Trump’s maximalist moves must eventually meet friction, and China is much better prepared today than it was during the first Trump administration to deal with the consequences. When that happens — and just as possible, even if it does not — at least two structural problems in the India-China relationship will resurface as a source of tensions — the boundary dispute and the role of the US.
One effect of China’s economic and geopolitical rise and India’s inability to keep pace has been the decreasing likelihood of a resolution of the boundary dispute between the two countries. India’s constraints are all too visible — a military slow to reform, limited diplomatic capacity and economic resources for foreign aid and assistance, unpopularity in its own neighbourhood, a risk-averse domestic industry, and a political class unwilling to bite the bullet on external trade agreements. As a rule, therefore, the Chinese do not see why they should compromise on the boundary dispute or any other issue for that matter.
Disengagement of troops from friction points at the Line of Actual Control (LAC) has been declared complete but de-escalation and de-induction appear to have been pushed off the public radar altogether. Without the latter steps, the restoration of the status quo that existed before the Chinese transgressions of 2020 will remain incomplete and continue to generate pressures within the country , including from the Indian military, for restitution of some kind.
On the Chinese side, the Indian military’s failure to respond adequately to the 2020 transgressions will only encourage further adventurism when the next opportunity presents itself.

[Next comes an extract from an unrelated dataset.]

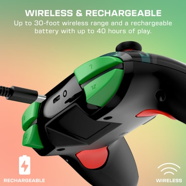 Ohjain yhdistyy pienen viiveen 2,4 GHz langattomalla yhteydellä, jonka kantama on 30 m, joten pelaat ilman kaapeleita. Mukana tulee myös USB-C-kaapeli nopeaan lataukseen tai johtokäyttöön Switch-telakassa.
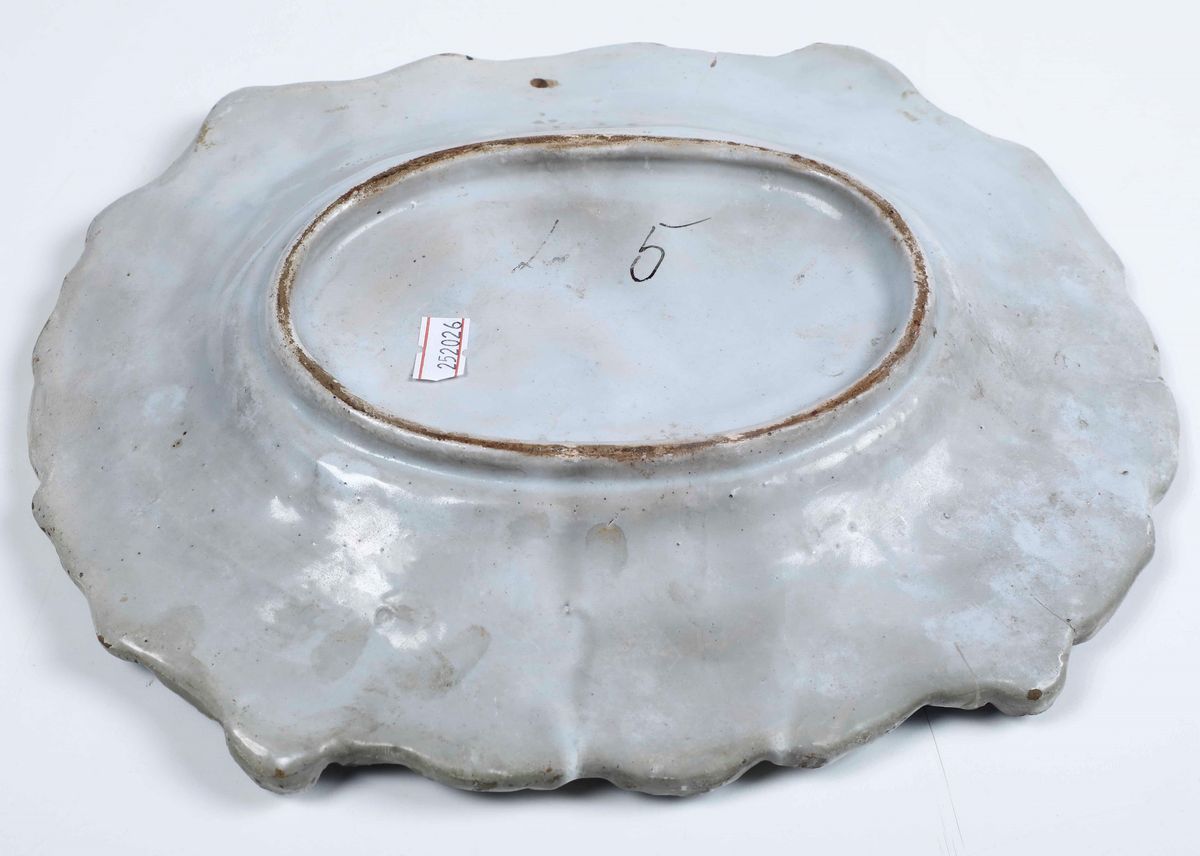 Maiolica a gran fuoco. Marca assente. Dimensioni: cm 29x24,5. Conservazione: due sbeccature al bordo

Meanwhile, the question of Tibet is at the heart of the Chinese insecurity over the boundary with India. There is no doubt that China’s degree of control over Tibet has strengthened over time. It also has a clear post-Dalai Lama strategy — of ensuring only its choice can succeed to the position — backed internally by assiduous rewriting of historical facts and religious norms, and externally by constant pressure on world capitals and sustained public diplomacy.
Even so, India’s unwillingness to acknowledge China’s expansive claims of historical control over Tibet will keep boundary tensions with India alive. The immediate aftermath of the passing of the Dalai Lama will be a particularly sensitive time in India-China relations and the likelihood is high that any unrest within Tibetan regions will be blamed on India and become another occasion for tensions at the LAC.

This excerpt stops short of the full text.